Provided data:

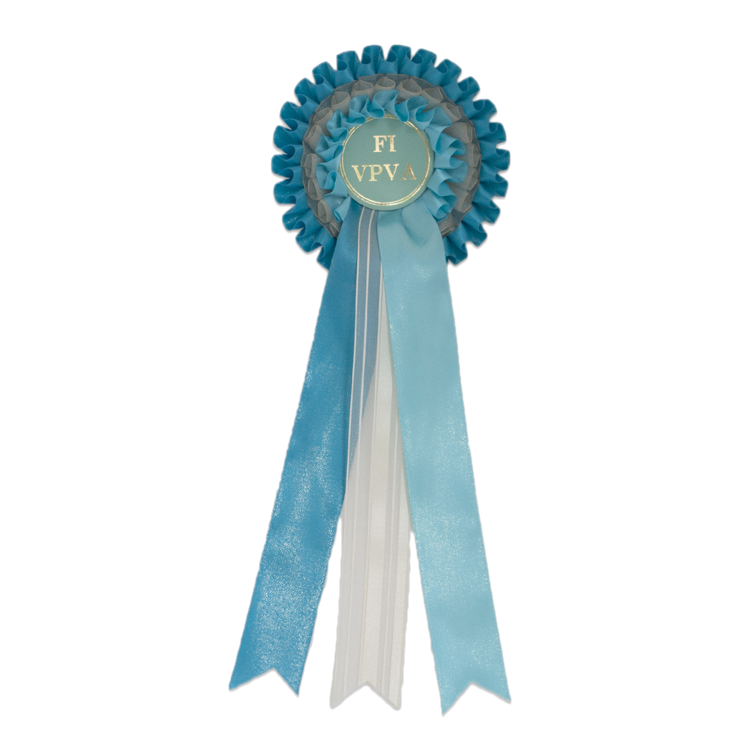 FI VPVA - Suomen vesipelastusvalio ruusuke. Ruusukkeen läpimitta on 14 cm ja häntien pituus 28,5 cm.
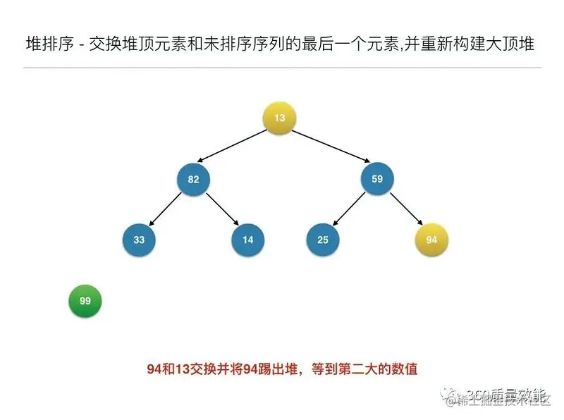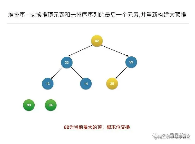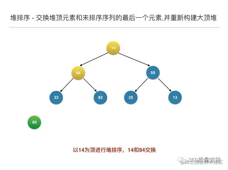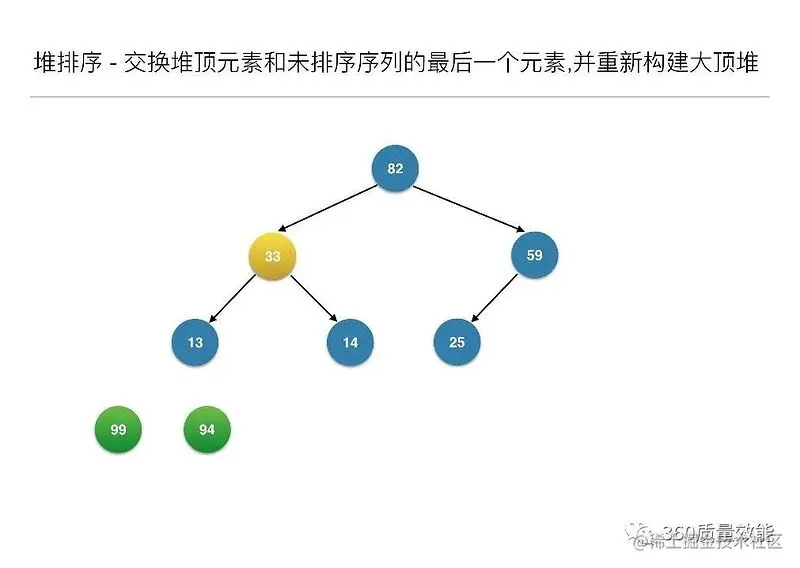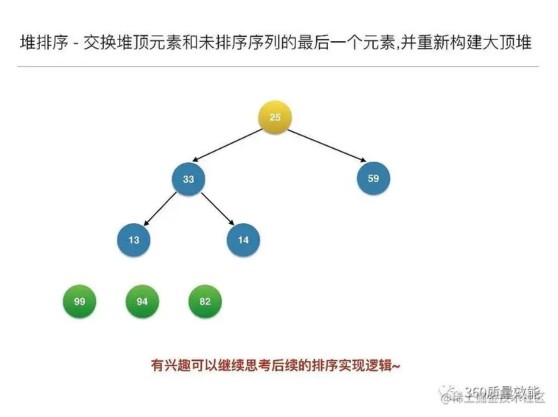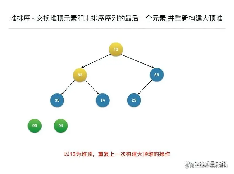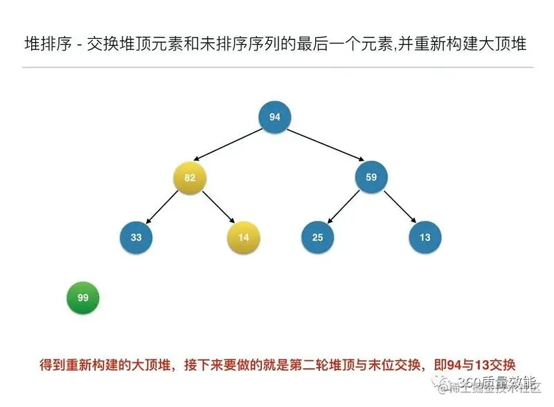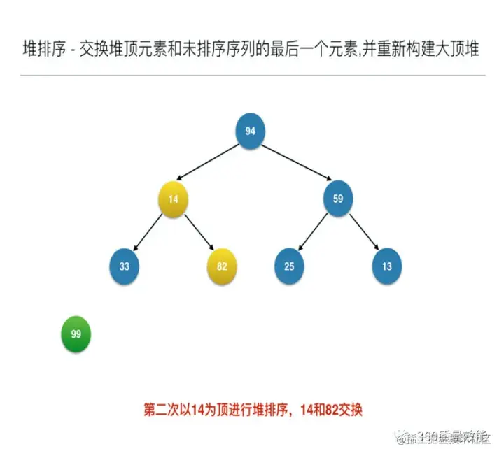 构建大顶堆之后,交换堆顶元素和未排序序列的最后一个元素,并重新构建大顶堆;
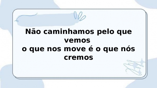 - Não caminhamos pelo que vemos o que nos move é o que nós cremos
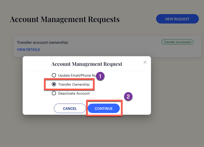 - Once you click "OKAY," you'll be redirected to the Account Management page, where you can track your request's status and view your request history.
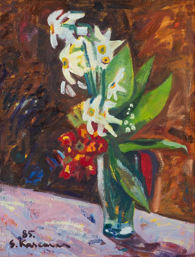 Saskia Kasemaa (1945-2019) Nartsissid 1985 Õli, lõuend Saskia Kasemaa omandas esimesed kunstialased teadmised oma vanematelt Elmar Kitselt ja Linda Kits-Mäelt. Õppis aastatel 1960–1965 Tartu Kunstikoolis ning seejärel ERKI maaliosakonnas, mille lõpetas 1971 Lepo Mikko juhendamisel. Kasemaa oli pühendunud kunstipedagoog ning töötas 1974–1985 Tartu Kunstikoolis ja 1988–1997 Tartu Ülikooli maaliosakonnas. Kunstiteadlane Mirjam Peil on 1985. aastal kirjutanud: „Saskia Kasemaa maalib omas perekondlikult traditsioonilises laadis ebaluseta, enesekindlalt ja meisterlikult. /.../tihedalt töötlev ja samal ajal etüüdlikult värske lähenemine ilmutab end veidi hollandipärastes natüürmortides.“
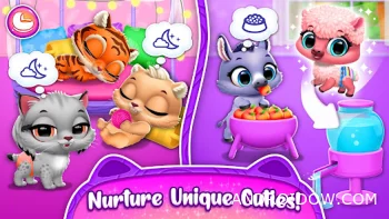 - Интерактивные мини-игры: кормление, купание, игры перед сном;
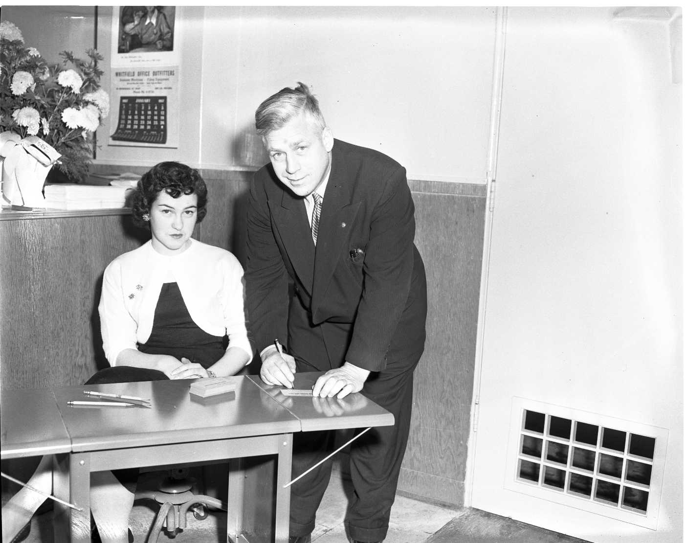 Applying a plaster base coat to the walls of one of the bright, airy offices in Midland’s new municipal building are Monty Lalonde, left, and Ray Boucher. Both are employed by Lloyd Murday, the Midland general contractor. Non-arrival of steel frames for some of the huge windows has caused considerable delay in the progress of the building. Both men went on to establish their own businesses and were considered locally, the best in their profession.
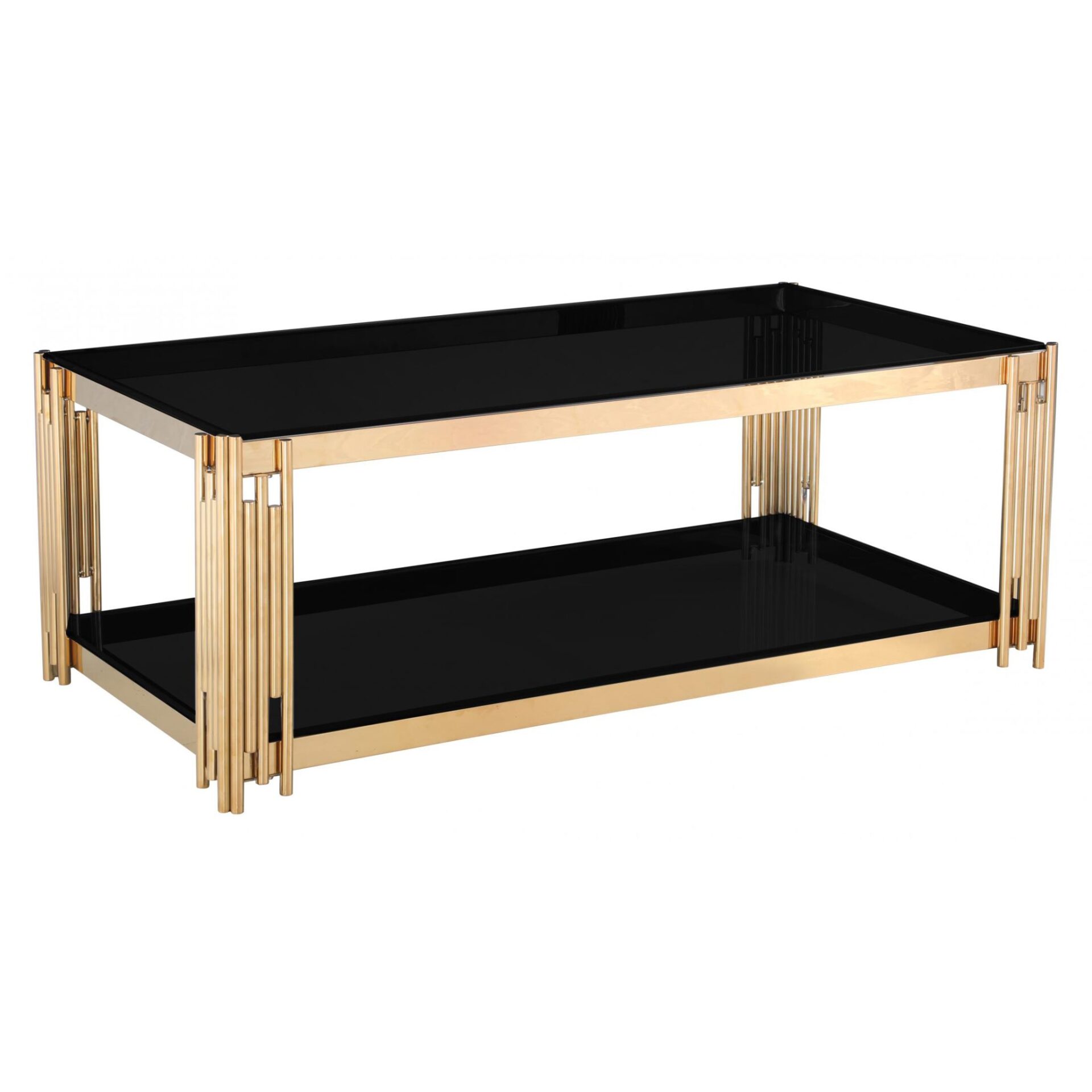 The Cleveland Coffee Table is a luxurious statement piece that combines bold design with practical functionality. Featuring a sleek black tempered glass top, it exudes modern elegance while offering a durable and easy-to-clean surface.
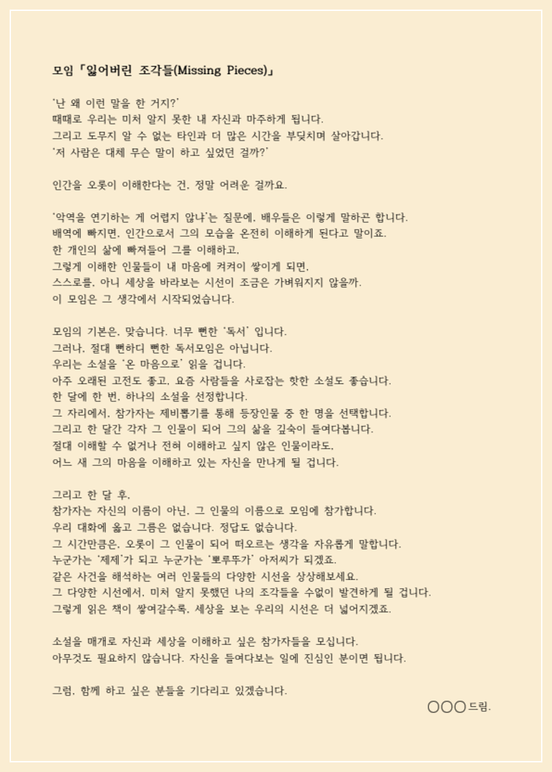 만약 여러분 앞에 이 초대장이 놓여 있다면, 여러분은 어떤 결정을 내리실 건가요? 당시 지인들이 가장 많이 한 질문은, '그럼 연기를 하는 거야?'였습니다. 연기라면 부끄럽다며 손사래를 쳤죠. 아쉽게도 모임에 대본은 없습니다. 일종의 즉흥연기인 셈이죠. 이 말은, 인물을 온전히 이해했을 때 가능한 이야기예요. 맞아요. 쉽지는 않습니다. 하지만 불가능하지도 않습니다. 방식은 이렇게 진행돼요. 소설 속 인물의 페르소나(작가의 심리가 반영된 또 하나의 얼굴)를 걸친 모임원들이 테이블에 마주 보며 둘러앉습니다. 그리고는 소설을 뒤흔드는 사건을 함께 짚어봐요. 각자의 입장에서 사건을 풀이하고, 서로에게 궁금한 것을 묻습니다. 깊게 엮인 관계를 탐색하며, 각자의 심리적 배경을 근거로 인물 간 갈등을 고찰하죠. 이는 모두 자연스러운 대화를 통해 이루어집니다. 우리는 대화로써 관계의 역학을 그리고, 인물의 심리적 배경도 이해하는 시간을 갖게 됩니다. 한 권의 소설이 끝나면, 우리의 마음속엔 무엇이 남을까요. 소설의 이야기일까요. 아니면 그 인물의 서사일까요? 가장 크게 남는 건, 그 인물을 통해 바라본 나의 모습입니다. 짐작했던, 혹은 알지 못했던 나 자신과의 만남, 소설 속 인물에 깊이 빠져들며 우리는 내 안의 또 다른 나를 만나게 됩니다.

Aim of the exercise:
Restate the lines above from the one containing "Applying a plaster" through the one containing "The Cleveland Coffee", inclusive, exactly and without pictures.

Exercise solution:
 Applying a plaster base coat to the walls of one of the bright, airy offices in Midland’s new municipal building are Monty Lalonde, left, and Ray Boucher. Both are employed by Lloyd Murday, the Midland general contractor. Non-arrival of steel frames for some of the huge windows has caused considerable delay in the progress of the building. Both men went on to establish their own businesses and were considered locally, the best in their profession.
 The Cleveland Coffee Table is a luxurious statement piece that combines bold design with practical functionality. Featuring a sleek black tempered glass top, it exudes modern elegance while offering a durable and easy-to-clean surface.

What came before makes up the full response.